How to complete this task
Would you retype exactly the lines below, starting with the one that has "Оставляем раствор затвердеть" and going on through the one that has "My favorite part", with no pictures and nothing else?

Available data START

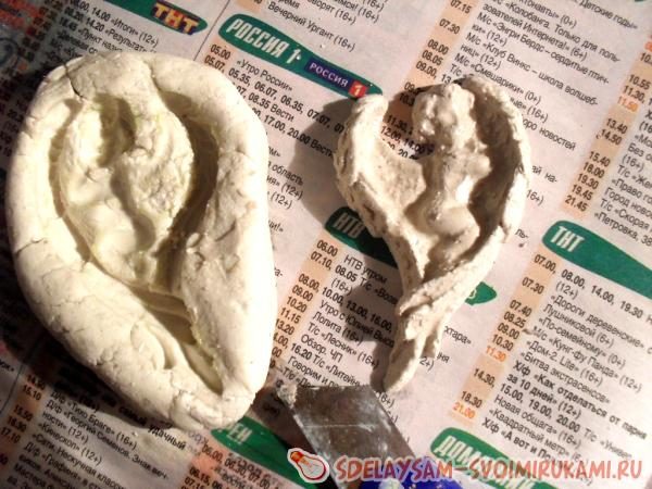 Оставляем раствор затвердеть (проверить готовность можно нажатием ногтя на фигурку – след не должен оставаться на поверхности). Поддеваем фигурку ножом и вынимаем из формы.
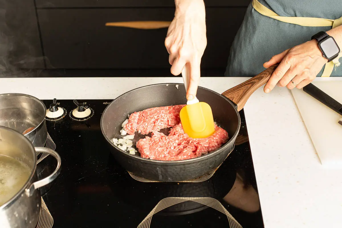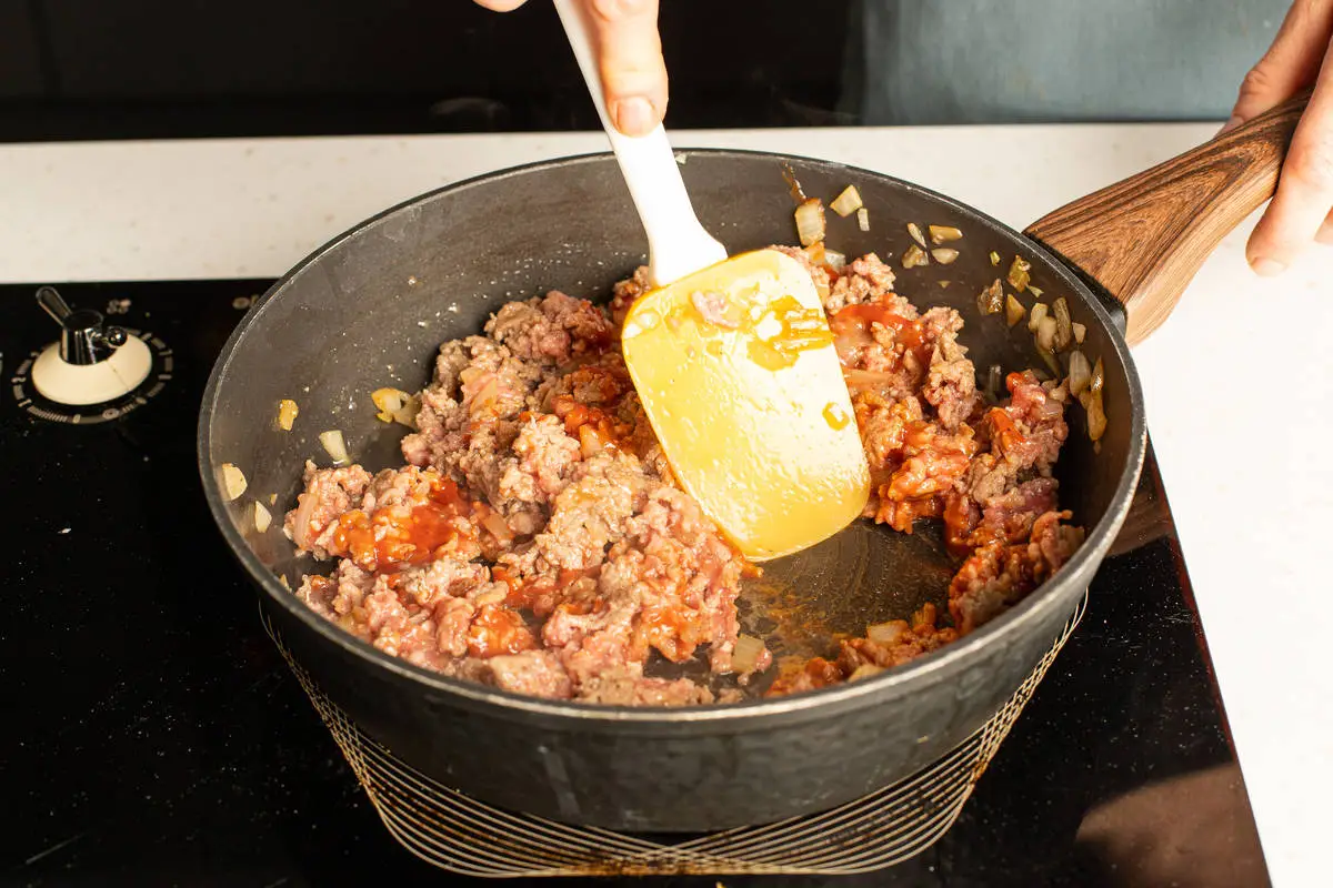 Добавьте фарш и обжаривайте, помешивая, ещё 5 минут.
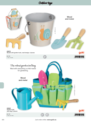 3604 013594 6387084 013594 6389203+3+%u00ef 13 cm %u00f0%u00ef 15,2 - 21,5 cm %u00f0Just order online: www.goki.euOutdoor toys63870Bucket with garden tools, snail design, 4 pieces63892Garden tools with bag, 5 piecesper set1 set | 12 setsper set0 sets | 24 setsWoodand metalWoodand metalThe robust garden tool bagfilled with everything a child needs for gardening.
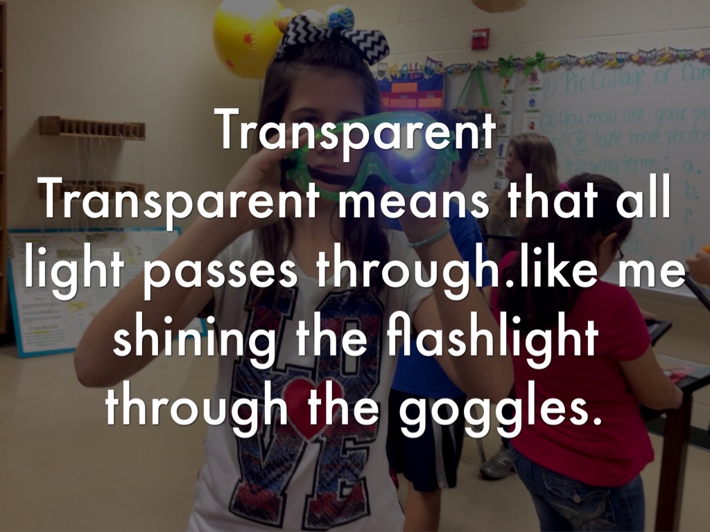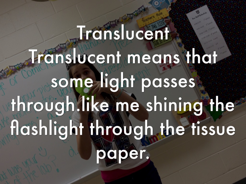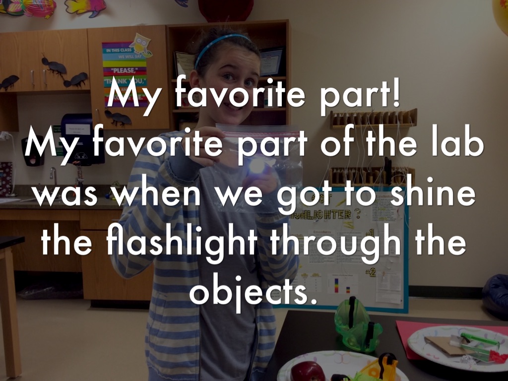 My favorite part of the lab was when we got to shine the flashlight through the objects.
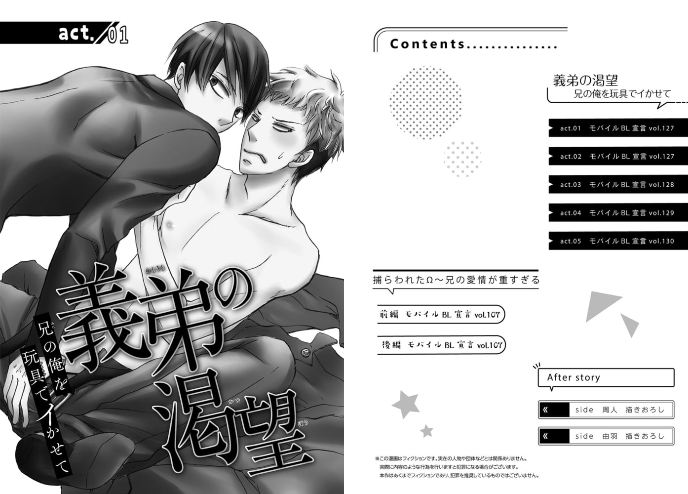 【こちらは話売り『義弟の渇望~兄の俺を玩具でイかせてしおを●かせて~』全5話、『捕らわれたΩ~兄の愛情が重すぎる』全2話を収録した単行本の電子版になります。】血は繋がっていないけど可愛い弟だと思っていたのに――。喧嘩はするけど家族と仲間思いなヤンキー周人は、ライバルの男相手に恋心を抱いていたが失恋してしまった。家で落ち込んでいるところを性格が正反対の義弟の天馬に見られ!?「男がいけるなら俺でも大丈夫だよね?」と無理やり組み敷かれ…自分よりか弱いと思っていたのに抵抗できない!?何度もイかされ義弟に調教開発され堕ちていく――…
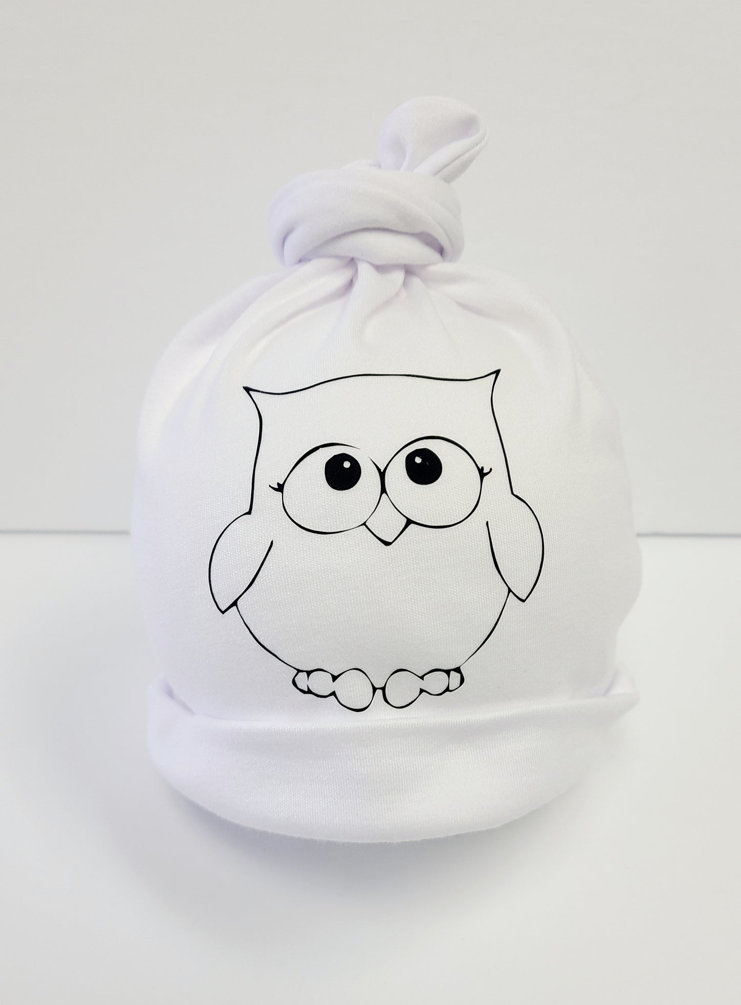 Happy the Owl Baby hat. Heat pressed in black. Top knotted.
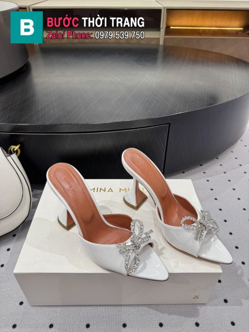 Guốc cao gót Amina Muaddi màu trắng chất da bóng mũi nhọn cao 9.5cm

Available data END
Available data START

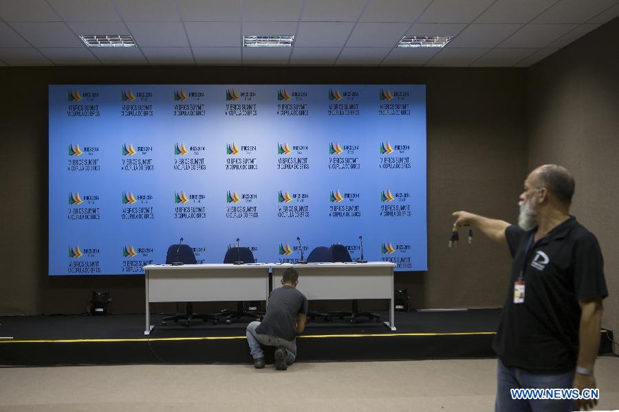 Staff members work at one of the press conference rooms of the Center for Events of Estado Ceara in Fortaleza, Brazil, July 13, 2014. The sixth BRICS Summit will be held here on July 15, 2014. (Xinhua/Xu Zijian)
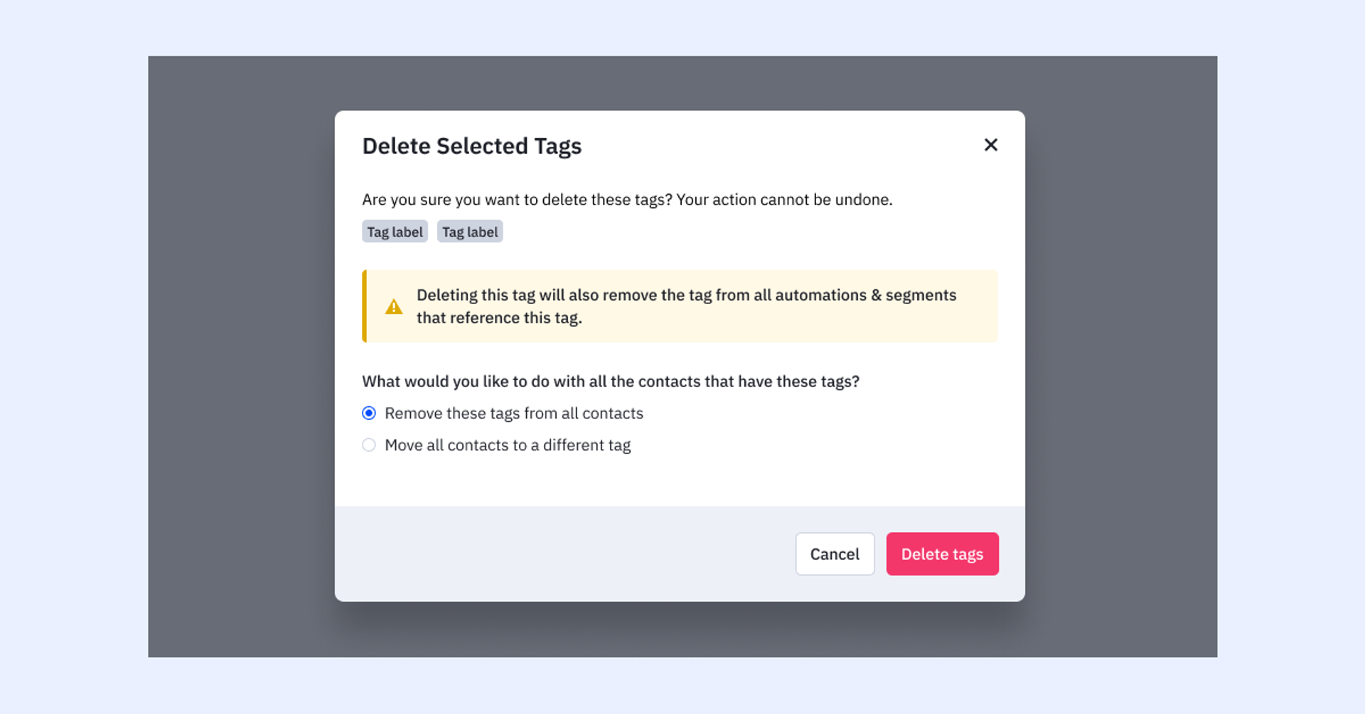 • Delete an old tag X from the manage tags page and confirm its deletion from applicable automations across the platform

Available data END

Solution
 Оставляем раствор затвердеть (проверить готовность можно нажатием ногтя на фигурку – след не должен оставаться на поверхности). Поддеваем фигурку ножом и вынимаем из формы.
 Добавьте фарш и обжаривайте, помешивая, ещё 5 минут.
 3604 013594 6387084 013594 6389203+3+%u00ef 13 cm %u00f0%u00ef 15,2 - 21,5 cm %u00f0Just order online: www.goki.euOutdoor toys63870Bucket with garden tools, snail design, 4 pieces63892Garden tools with bag, 5 piecesper set1 set | 12 setsper set0 sets | 24 setsWoodand metalWoodand metalThe robust garden tool bagfilled with everything a child needs for gardening.
 My favorite part of the lab was when we got to shine the flashlight through the objects.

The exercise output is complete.